To the extent that Jesus functions as the paradigmatic Christian, the definitive-normative example of the faith which Christianity is, then Christianity is inherently non-violent. In fact, it’s precisely this normative-definitive role of Christ’s example that Greg elsewhere argues ought to be the measure against which we admit as valid or dismiss as perverse the individual or institutional behaviors of people who claim to be Christian.
However, the normative examples in the case of Islam with respect to violence (i.e., Muhammad and his successors) simply don’t support a view of Islam as not inherently—what’s the word?—accessible to violence, expressible by violence, or compatible with violence. I don’t want to say “inherently violent” without qualification because that may suggest all Muslims must be violent to be faithful Muslims (although this is, arguably, the Orthodox Muslim view where the defense and survival of the Ummah are concerned). What I’m suggesting is that violence is inseparable from the paradigmatic, normative examples of Islam as embodied authoritatively in Muhammad’s life as قدوة (“qidwa” = “paradigm/example”) and exemplified in his successors and the earliest generations of Muslims.

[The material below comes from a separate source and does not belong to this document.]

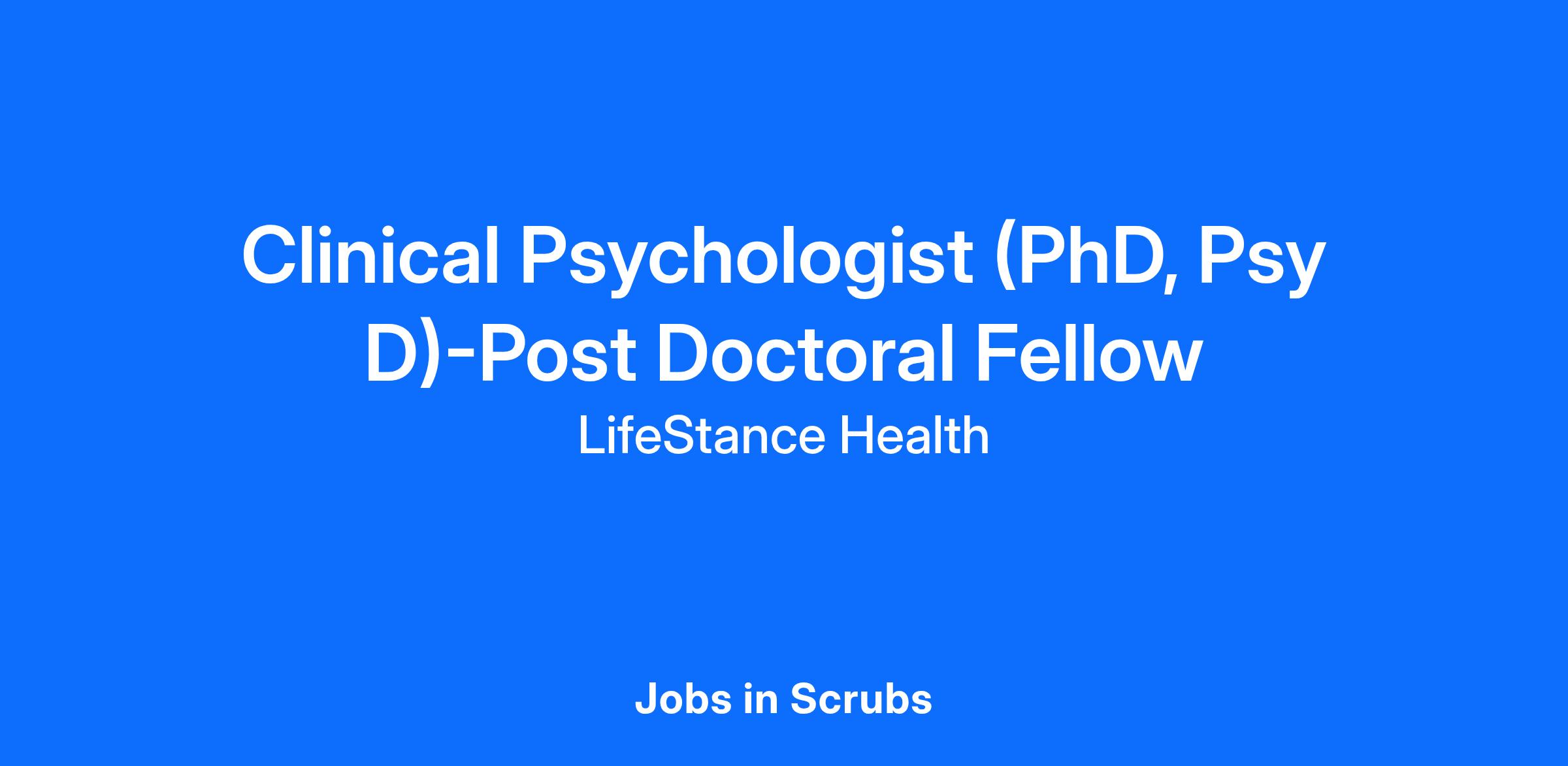 Clinical Psychologist (PhD, Psy D)-Post Doctoral Fellow

I’m happy to concede that “inherently violent” is an unhelpful way to describe what it is about violence in the case of Muhammad and the worldview that holds him to be the definitive, normative Muslim that differentiates him from Jesus and the worldview that holds him to be the definitive, normative Christian. But from where I sit (after living in the Middle East for roughly half my life), I wouldn’t at all view violence in Islam (as defined by Muhammad) as comparably equivalent to violence in Christianity (as defined by Christ), which is precisely the kind of comparison Greg makes, i.e., Islam and Christianity as compared throughout their histories in the behavior of Christians and Muslims are equally violent and equally non-violent, which leads Greg to answer the question ‘Is Islam inherently violent?’ with ‘No’. But it’s not at all that simple. My point is that the founding persons (Jesus and Muhammad), their successors (the Apostles of Christ and the Caliphs and Companions of the Prophet), and the earliest generations of followers ought to be what we examine in attempting to say what Christianity and Islam inherently are. Perhaps the question we ought to be asking is:
- Would Islam as practiced by Muhammad and the earliest Muslims make the world a more peaceful place to live or not?
And the same question can be put to Christians:
- Would Christianity as practiced by Jesus and his earliest followers make the world a more peaceful place or not?